Вот, значит, как. Я вспомнил, что, согласно Марку Гавию Апицию, знаменитому римскому кулинару, фламинго вполне годится в пищу, а язык этой птицы – самый большой деликатес. Но это, наверное, если есть их понемножку, с хорошим соусом…
Потом всех накормили, и мы с другими медиками осмотрели самых слабых и больных. Не знаю, все ли они выжили впоследствии, но с момента нашего прихода и до того, как мы доставили их в бухту, никто не умер. Однако мы опять потеряли полдня и к вечеру прошли ненамного дальше конца лагуны.
Наш сводный отряд можно было, наверное, назвать батальоном: три роты, точнее сотни, приданная артиллерия, тыловые части (обоз с персоналом). Командовал им теперь Химилько Баркат, младший брат Ханно. Сам же Ханно, хоть я и надеялся на полное выздоровление моего друга, был на данный момент абсолютно непригоден не только к бою, но и к конному маршу.
Путь наш лежал к югу от Птичьей лагуны и далее на Ытикат. На запад! Но до условленной точки рандеву к востоку от Ытиката никто ничего не увидел, и дошли – или доползли – мы туда уже после основной части войска.
Хаспар даже не удержался от шуток в наш адрес, пока не узнал, почему мы задержались. А услышав, что его двоюродный племянник Ханно находился, как говорится, «в серьезном, но стабильном состоянии», посерьезнел и сказал:
– Слишком уж мы все были беспечны, брат мой Никола. И в этом всецело моя вина, если уж я взял на себя командование. Надо будет обсудить новые правила с тобой и другими командирами. И обдумать, где именно враг захочет ударить в следующий раз.
На том и порешили. А теперь нам оставалось немного – дождаться Массиниссы и его людей. Но были готовы и планы на случай, если римляне раньше времени узнают о его переходе на нашу сторону или если он все-таки решит остаться на их стороне: несмотря на мой прием в Кыртане и мою невесту в лице Дамии, зная моего будущего второго тестя, ничего исключать было нельзя. В любом случае нужно было разведать обстановку, а также дать знать Массиниссе, что мы на месте. Последнее было проще – по оговоренной с будущим вторым тестем дороге мы отправили двух гонцов, дабы, если один попадется, другой имел шансы дойти.
Тем временем ребята Хаспара приволокли языка. Тот сначала встал в позу: мол, латыни не знаю и вообще я иллур. Лучше бы он этого при мне не говорил. Ведь именно эти вероятные предки албанцев и устроили погром нашим людям, оставшимся в Ытикате. Конечно, тех, кого мы встретили у лагуны, можно было назвать коллаборационистами, но в какой-то мере их можно было понять. Власть неожиданно переменилась, и они пытались выжить, как могли.

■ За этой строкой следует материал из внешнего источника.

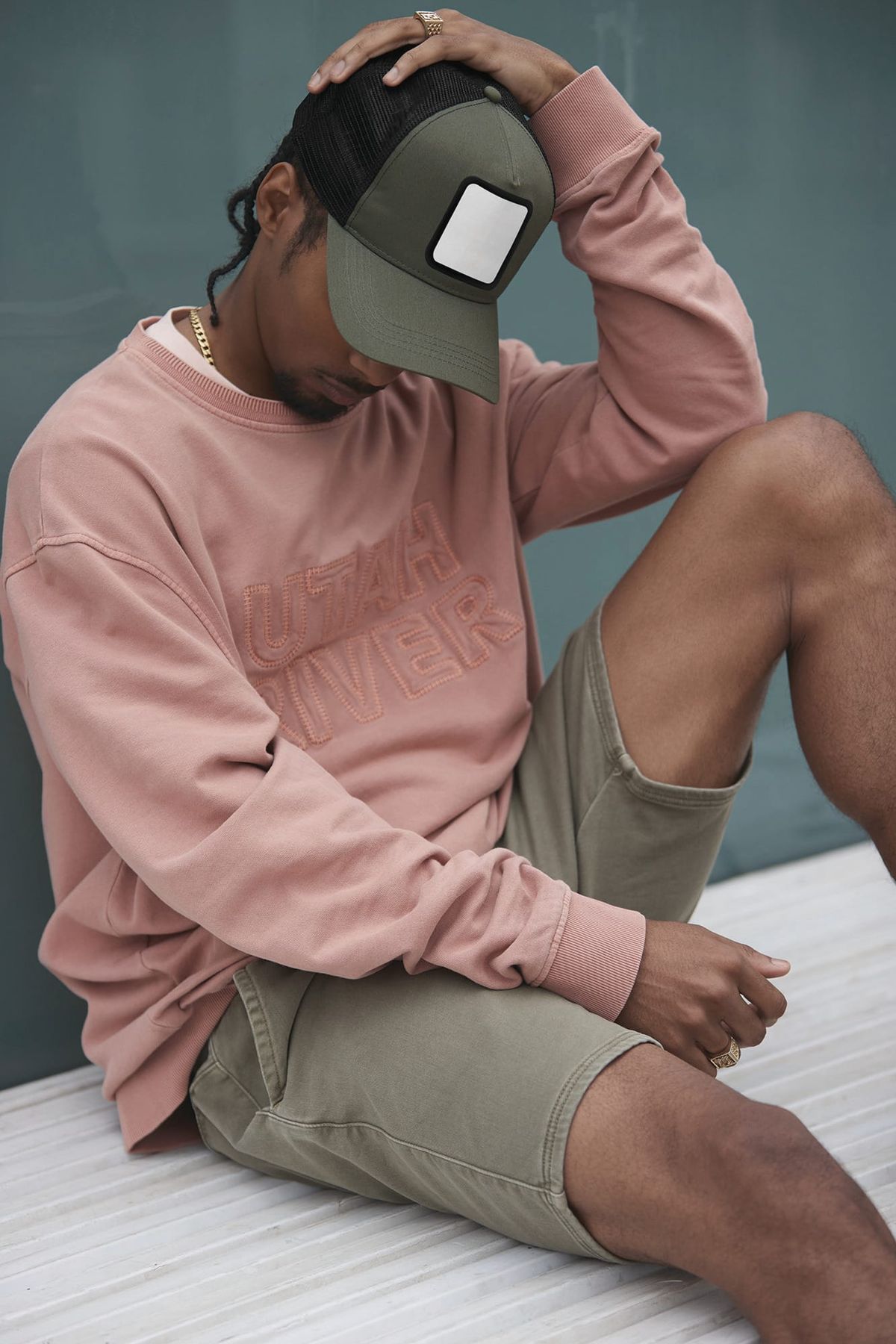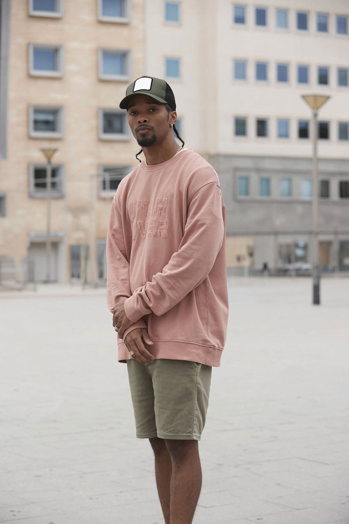 Pannello frontale 100% cotone e pannello posteriore 100% poliestere riciclato. Design a 5 pannelli. Patch applicato in twill di cotone per la decorazione.

Бабушка Валя – она у меня была с земель, оккупированных немцами во время войны, – рассказывала мне, что моим прабабушке и прадедушке нужно было не только выжить, но и позаботиться о младших детях. Сестру моей бабушки убило при бомбежке их города, самый младший брат умер от болезни (после прихода немцев закрылись все больницы, и вскоре начались эпидемии), а средний сумел спрятаться от немцев и избежал отправки на работу в Германию, после чего воевал в Красной армии и дошел до Вены. Но сами прабабушка и прадедушка выживали, как могли, и я вряд ли бы справился лучше, будь я в их положении. А были они всяко постарше меня сегодняшнего.
Так и здесь: я считаю, что верхушка Ытиката, конечно, виновна в предательстве, но при чем здесь мирное население? Кроме тех, конечно, кто активно помогал римлянам или доносил на соседей – этих надо будет примерно наказать. Вряд ли римляне заберут их с собой, кроме, конечно, таких фигур, как Карт-Халош – этот для них достаточно ценен как источник информации. Так что в любом случае к погромщикам у меня было отношение особое.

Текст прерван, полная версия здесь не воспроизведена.